A Associação oferece todo o medicamento aos seus pacientes, além de perucas e orientação para as famílias. A entidade conta com voluntariado e pretende implantar o sistema de mensalistas para angariar mais fundos, com o intuito de continuar recebendo novos pacientes. Eles não tratam apenas pessoas de de Bauru, atendem qualquer doente com câncer que os procuram e necessita de ajuda.

O garoto Aloízio Scudeller Júnior, 11 anos, tem câncer na visão e é atendido pela Associação desde 1994. Ele conta que, além de remédios para dor de cabeça que tem com freqüência, também recebe cesta básica e passes de ônibus para se locomover. “As pessoas daqui são muito boas para mim. Me sinto amado”, diz.

De acordo com a presidente da Associação, Lyenne Berriel Cardoso, se as entidades fecharem, a saúde vira um caos. “Se todos fizerem um pouco, estarão cumprindo com seu papel diante da sociedade e nos ajudando a seguir cumprindo nosso objetivo de colaborar com os doentes. Precisamos da comunidade”, diz.

Outras entidades

A Associação dos Diabéticos de Bauru, criada em 1982, e a Associação Bauruense de Apoio e Assistência ao Renal Crônico (Abrec), fundada em 1994, trabalham com o objetivo de orientar seus pacientes e familiares. Elas contam com uma auxílio médico e voluntários que esclarecem sobre as doenças e ajudam no tratamento.

Como uma família

O motorista aposentado Jesus Valério dos Santos, 58 anos, há sete meses faz tratamento de câncer de intestino. Ele recebe acompanhamento da Associação Bauruense de Combate ao Câncer. Para o aposentado, os funcionários da entidade são sua família.
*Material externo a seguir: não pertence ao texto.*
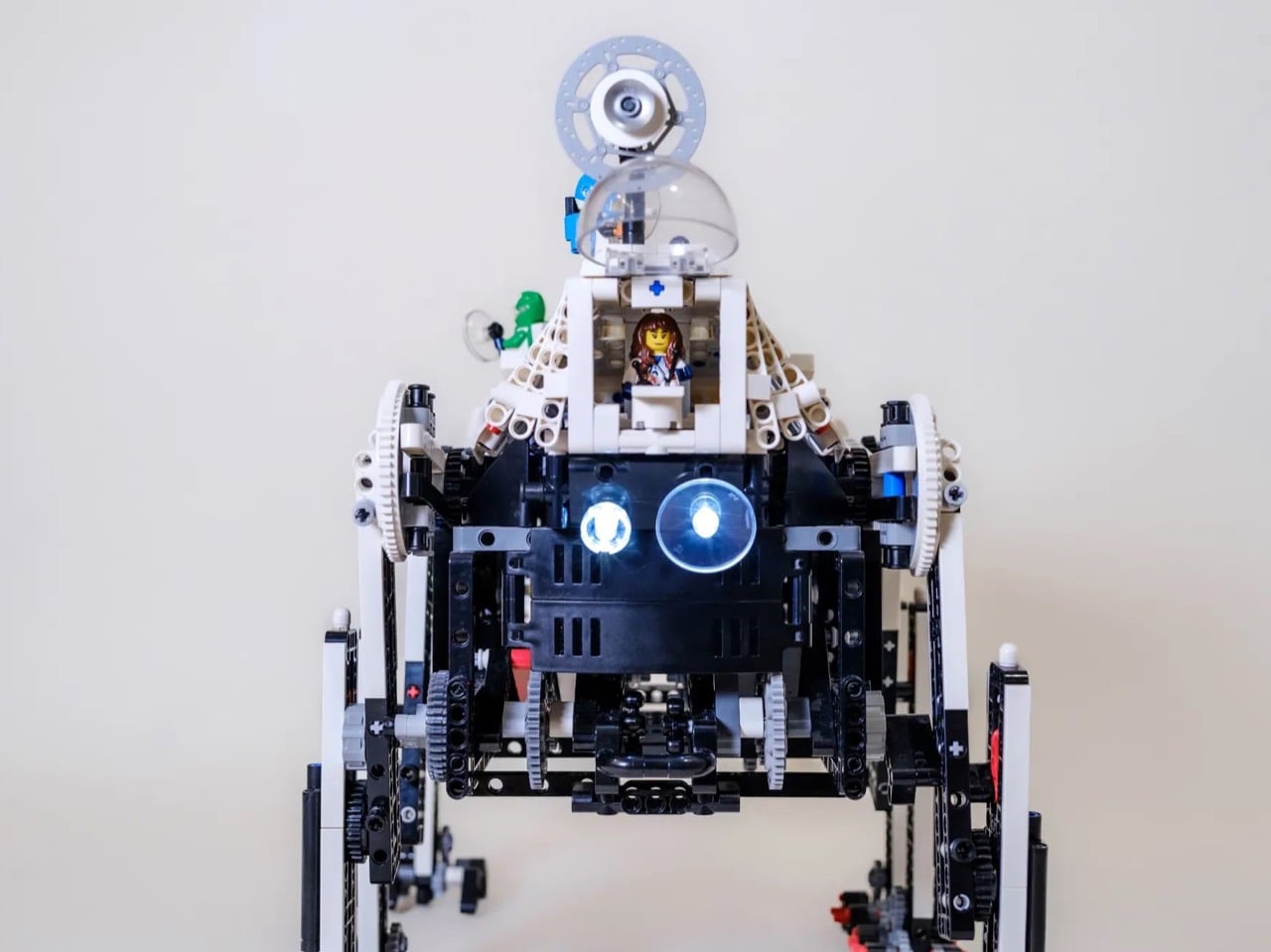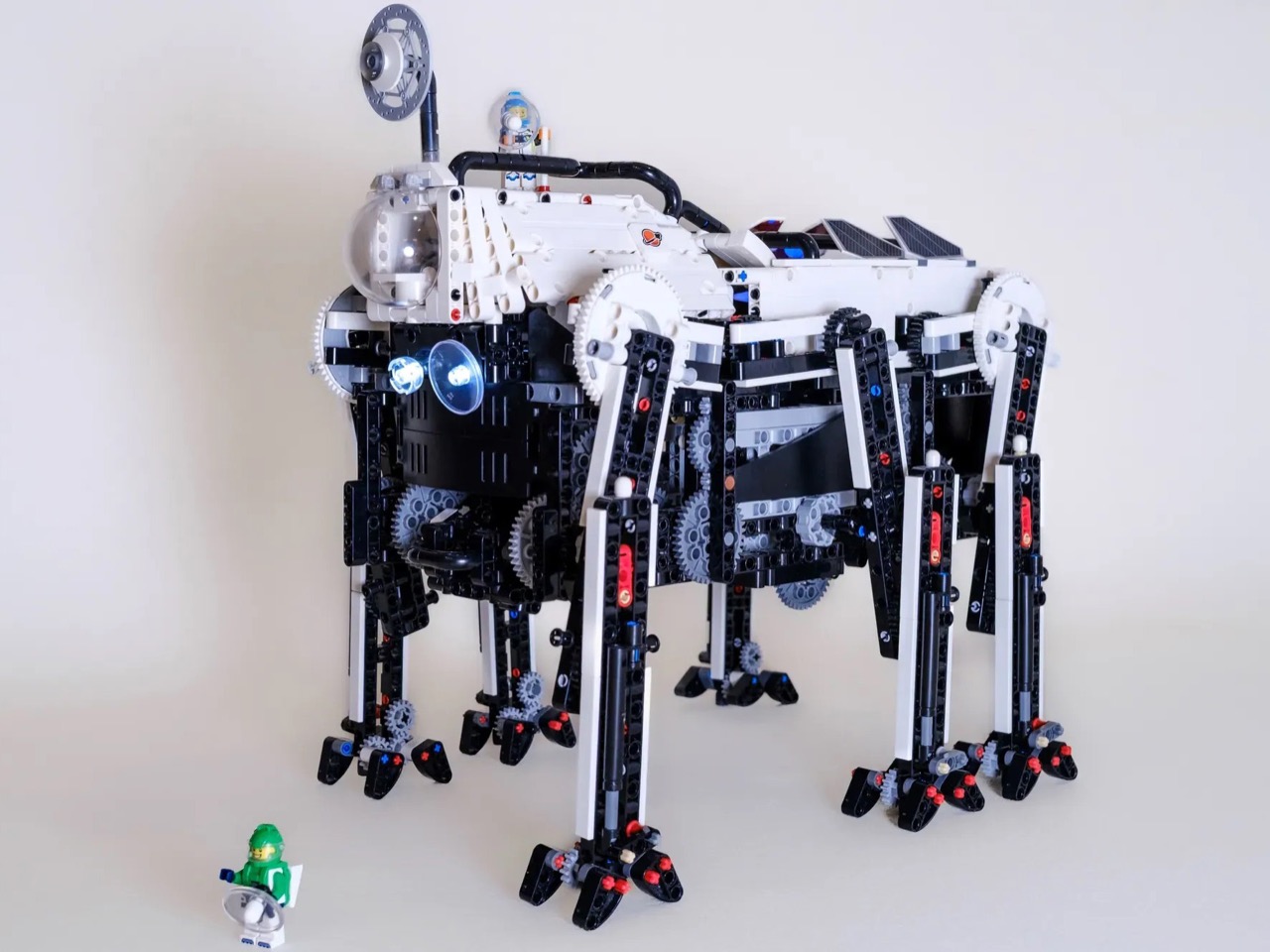 Conçu par Alexis_MOCs_FR, ce modèle présente un aspect futuriste des années 70. Doté de panneaux blancs, d’une structure noire, de cellules solaires bleues, et d’un cockpit surélevé pour deux figurines d’astronautes, chaque détail compte. Un parabole se trouve sur le dessus pour accentuer le côté explorateur. Mesurant entre 30 et 40 centimètres en fonction de l’échelle des figurines LEGO, le mécanisme d’engrenage est entièrement visible, ce qui est rare dans ce type de conception. Regarder le mouvement se transférer des moteurs à travers le système d’engrenage et jusque dans les jambes est fascinant.

Ele conta que é separado e tem 11 filhos, mas nenhum deles o ajuda. “Minha família não cuida de mim como as meninas aqui da Associação. Isso aqui para mim é uma maravilha”, diz.

Santos recebe os medicamentos que necessita e, sempre que possível, é ajudado também com vestuário e alimentação, além de ter auxílio psicológico e assistencial. “Depois que conheci esse pessoal fiquei feliz. Eles cuidam de mim, não me deixam faltar nada. Eu estou em casa. A gente tendo qualquer problema, eles correm, ajudam. Se não existisse isso aqui, não sei o que seria de mim”, afirma.

Morador do Núcleo José Regino, ele conta que todas as semanas vai até a sede da entidade. “Eu venho aqui e me sinto muito bem. Esse é um trabalho bom e sério. As pessoas que podem, deveriam ajudar mais essa casa para que esse trabalho não acabe nunca. Se isso aqui acabar, que vai ser da gente?”, diz.

Santos, que recebe R$ 375,00 de aposentadoria, salienta que está muito satisfeito com o trabalho realizado pela entidade. “Se eu precisar de um sapato, eles me dão. E não é só para mim não, é para todo mundo. Eu venho sempre aqui. Ai delas se me abandonarem. Eu choro.”